The name of the Corporation is Distributed Computing Technologies Inc.

ARTICLE II - DURATION

The duration of the corporation is perpetual.

ARTICLE III - PURPOSE

The Corporation exists for the sole purpose of researching, exploring, and implementing distributed computing technologies utilizing public-access data networks to allow personal computers in the private sector to collaborate on large computational tasks.

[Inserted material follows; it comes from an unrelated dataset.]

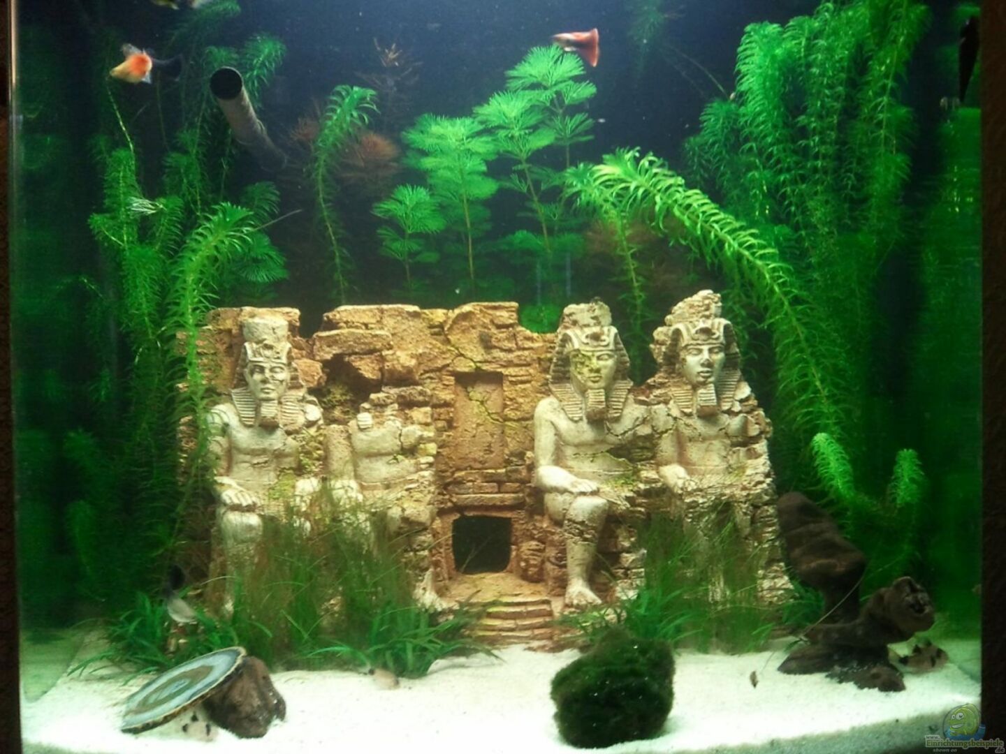 Aquarium mit gebogener Frontscheibe, Glas geschliffen und poliert. Der Cube bietet eine beeindruckende Tiefe, so steht der Abu Simbel relativ mittig, dahinter ist ein recht dichter ´Wald´.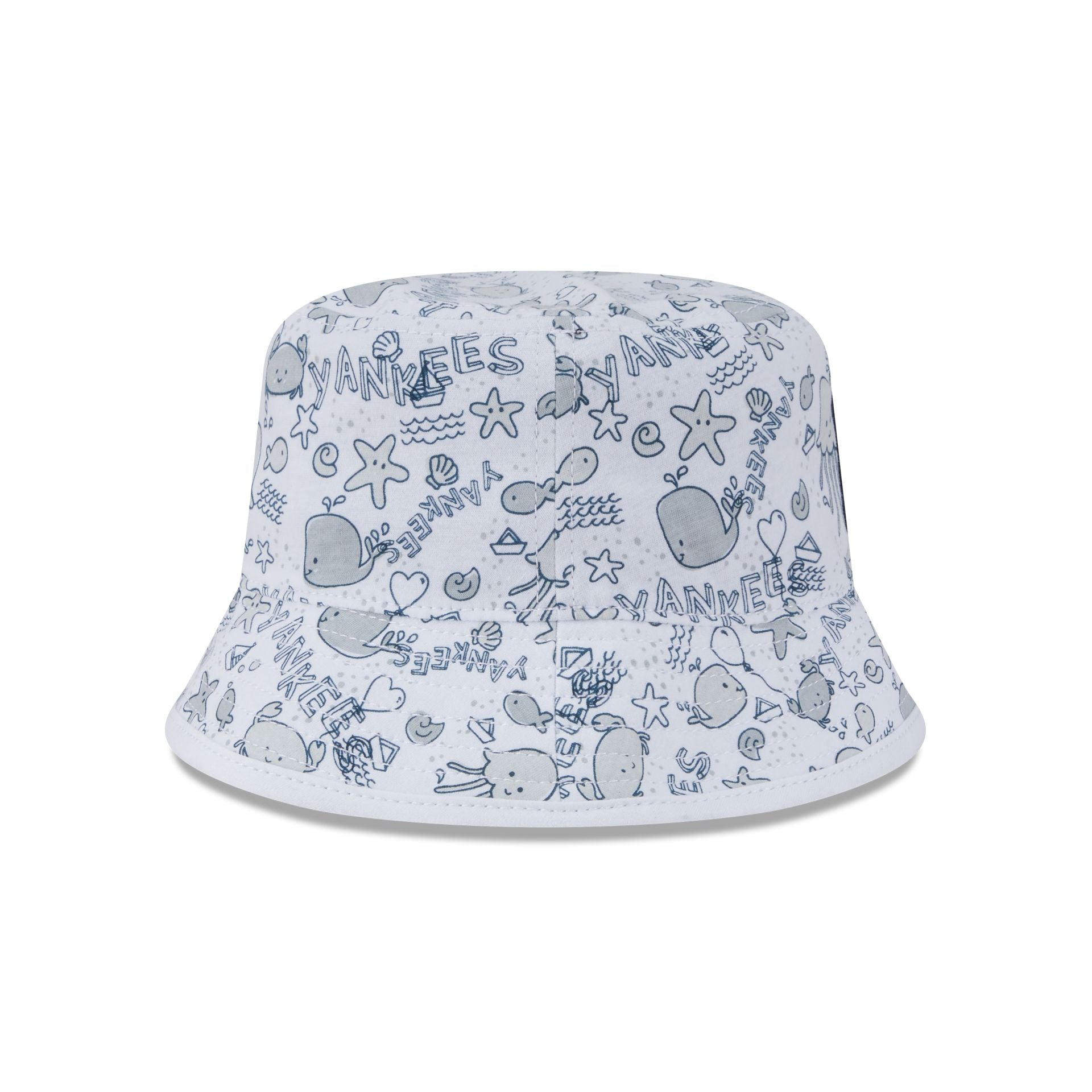 The New York Yankees Kids Ocean Bucket Hat features an embroidered Yankees logo at the front with a nautical design throughout the hat.

Any funds obtained either from the receipt of charitable donations or as a result of completing a sponsored computational task will be retained by the Corporation to be offered as incentive for individual participation or for distribution to organizations that qualify as exempt organizations under sections 501(c)(3) and 170(c)(2) of the Internal Revenue Code of 1986 (herein the "Code") (or the corresponding section of any future United States Internal Revenue Code).

ARTICLE IV - MEMBERS

The corporation shall have no members.

ARTICLE V - ADDRESS AND REGISTERED AGENT

The street address of the registered office of the Corporation is 125C 25th Ave NW, Birmingham, Alabama, 35215 and the name of the registered agent at that office is David C. McNett.

ARTICLE VI - DIRECTORS

The number of incorporators constituting the initial Board of Directors of the Corporation is seven and the names and addresses of the persons who are incorporators and who will serve as Directors until their successors are named (as specified in the Bylaws) are:

  • Adam L. Beberg - 5940 West Lakebluff Drive Apt 6A, Tinley Park, Illinois, 60477
  • David C. McNett - 125C 25th Ave NW, Birmingham, Alabama, 35215
  • Jeffrey A. Lawson - 1893 Kaweah Drive, Pasadena, California, 91105

The number of directors shall not be more than twelve (12) and a change to the number of directors shall only be made by an amendment to the By Laws.

ARTICLE VII - INCORPORATOR

The name and address of the Incorporator is:

David C. McNett - 125C 25th Ave NW, Birmingham, Alabama, 35215

ARTICLE VIII - RESTRICTIONS

No part of the net earnings of the Corporation shall inure to the benefit of, or be distributable to, its directors, except that the Corporation shall be authorized and empowered to pay reasonable compensation for services rendered and to make payments and distributions in furtherance of the purposes set forth in these articles of incorporation. No substantial part of the activities of the Corporation shall be the carrying on of propaganda or otherwise attempting to influence legislation, and the Corporation shall not participate in or intervene in (including the publication or distribution of statements) any political campaign on behalf of any candidate for public office. Notwithstanding any other provisions of these Articles, the Corporation shall not conduct or carry on any activities not permitted to be conducted or carried on (a) by an organization exempt under Section 501(c)(3) of the Code or (b) by a corporation, contributions to which are deductible under Section 170(c)(2) of the code.

ARTICLE IX - DISSOLUTION

Upon the dissolution of the corporation, assets shall be distributed for one or more exempt purposes within the meaning of section 501(c)(3) of the Internal Revenue Code of 1986, or corresponding section of any future federal tax code, or shall be distributed to the federal government, or to a state or local government, for a public purpose.

ARTICLE X - ORGANIZATION

The corporation is organized exclusively for religious, charitable, scientific, literary, educational and scientific purposes, including, for such purposes, the making of distributions to organizations under section 501(c)(3) of the Internal Revenue Code of 1986 (or the corresponding provision of any future United States Internal Revenue law).

IN WITNESS THEREOF, the undersigned incorporator executed these Articles of Incorporation on this, the second day of July, 1998. This document is an amended version of Articles originally executed on the twenty-seventh day of October, 1997.


Please note that only the original English version of this document has a legal value. The subsequent translations of this document in languages other than English do not constitute legal documents of any kind and are merely designed to provide non English speaking users with some insight on the legal foundations upon which DCTI rests.